The publishing possibilities offered by the smartphone/tablet age only serve to enhance the potential for strong and effective member/guest communication through a variety of means—including print.
For over ten years now, I’ve been visiting at least one club or resort property (often several) in person each month. As an important part of my on-site research, I always pick up, or ask for, a full sampling of newsletters, event schedules and calendars, membership/marketing brochures and other in-house publications.
Over the course of each monthly cycle preparing content for another issue of C&RB, I now also make online “visits” to dozens of other club and resort websites—and here too, an important part of the “trip” is to follow links for archived newsletter postings and other digital reports of member and guest activity at the property.
In my first few years covering the industry, however, there wasn’t much to be found online—and most of what I collected during my in-person visits didn’t make much of a favorable impression on me as a publishing professional. Because of that, I wrote an Editor’s Memo in one of our early years of publishing C&RB, offering to provide free feedback to anyone who wanted to send me samples of their club’s newsletter for a frank appraisal of where I thought it fell short and how it could be improved.
I received quite a few responses taking me up on that offer—more than I anticipated, I confess, and I must offer a very belated apology here to those who never heard back from me. But in more than a few cases, that was because the samples I received were really beyond repair. Usually it was clear they’d been sent by administrative assistant-types who’d had the task dumped on them and who clearly didn’t have the skill sets, training, resources or support needed to produce high-quality, on-target and effective publications on a regular basis. The desperation these people expressed in the notes they included with their samples was palpable—producing publications that would be read by all members, guest and staff scared them to death, and they were begging for any help they could get.

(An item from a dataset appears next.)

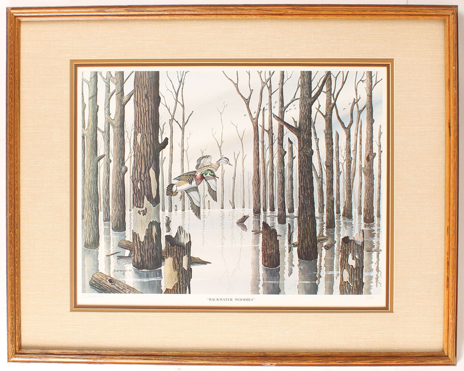 1985 Bartholet print ''BACKWATER WOODIES'', pictures a pair of Woodducks flying into flooded timber, 6/500, image size 20'' x 14 1/2'', framed & matted. Grade: MINT - Value: 10 to 200
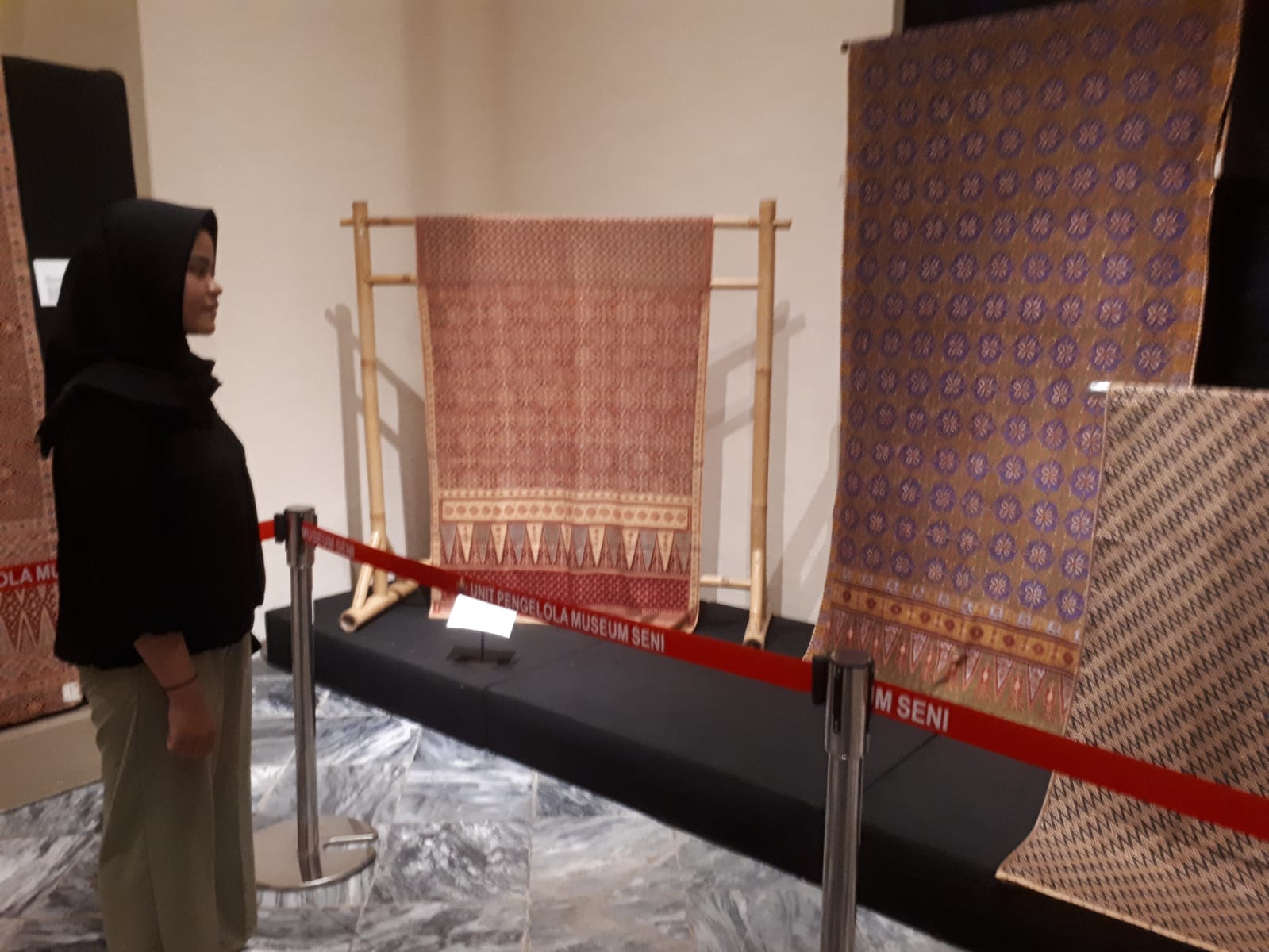Ny Titik Soewarno seorang pengunjung dari Duren Sawit Jakarta Timur mengamati batik Jlamprang warna merah tampak tekstur kainnya halus sekali.

Happily, I’ve seen the industry come a long way in the years since. At many of the properties I now visit in person, I’m meeting marketing and communications professionals who have been hired for new, full-time positions that include all publishing responsibilities. They’ve been given sufficient budgets and are producing impressive pieces, both printed and digital, often with outside help from public relations specialists and website development/management experts.
And when I search websites for digital newsletters and other material, I’m finding them to be much more accessible. Where before they were often hidden under “members-only access”—if indeed posted at all—they’re now proudly and prominently displayed as very public illustrations of how current members and guests—and prospective ones—can enjoy the property’s full range of activities.

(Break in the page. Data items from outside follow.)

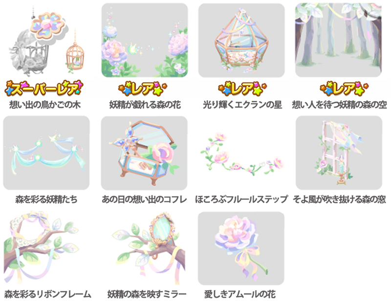 ★想い出の鳥かごの木 No.976 妖精のフルールパーワン 妖精の花飾りの実 ☆妖精が戯れる森の花 ☆光り輝くエクランの星 ☆想い人を待つ妖精の森の空 森を彩る妖精たち あの日の想い出のコフレ ほころぶフルールステップ そよ風が吹き抜ける森の窓 森を彩るリボンフレーム 妖精の森を映すミラー 愛しきアムールの花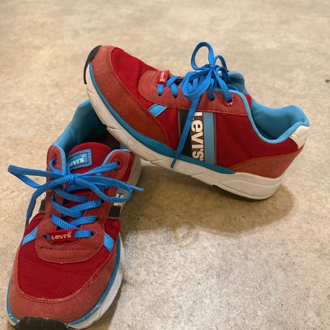 Hyväkuntoiset Levis Soho tennarit, koko 38. Myös Calvin Klein, Peak Performance, Nike, Adidas, Ralph Lauren, Hugo Boss, Marimekko tuotteet.
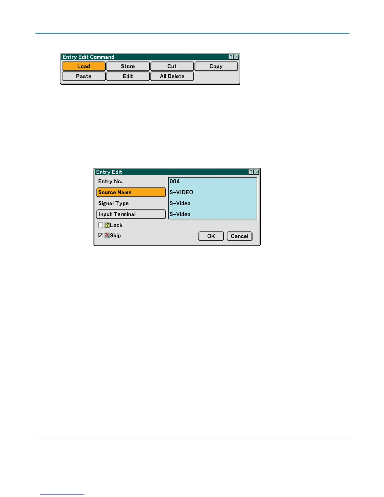 NOTE: When all the signals in the [Entry List] are deleted, the currently projected signal will be also deleted except locked signals.

As noted in the article on page 49 of this issue (“Letting Tech Do (More of) the Talking”), the publishing possibilities offered by the smartphone/tablet age really only serve to enhance the potential for strong and effective member/guest communication through a variety of means—including print. I’ve in fact had many club managers tell me recently that they’ve seen a need to re-emphasize published material, as a way to better distinguish their messages and respond to member complaints about digital overload.
So if you’d still like to send me samples of your member/guest communications (print or digital) for my opinion, I’d be glad to take a look—I’m much more confident now that it will just be a matter of offering a few simple suggestions or, more likely, congratulating you on a job well done.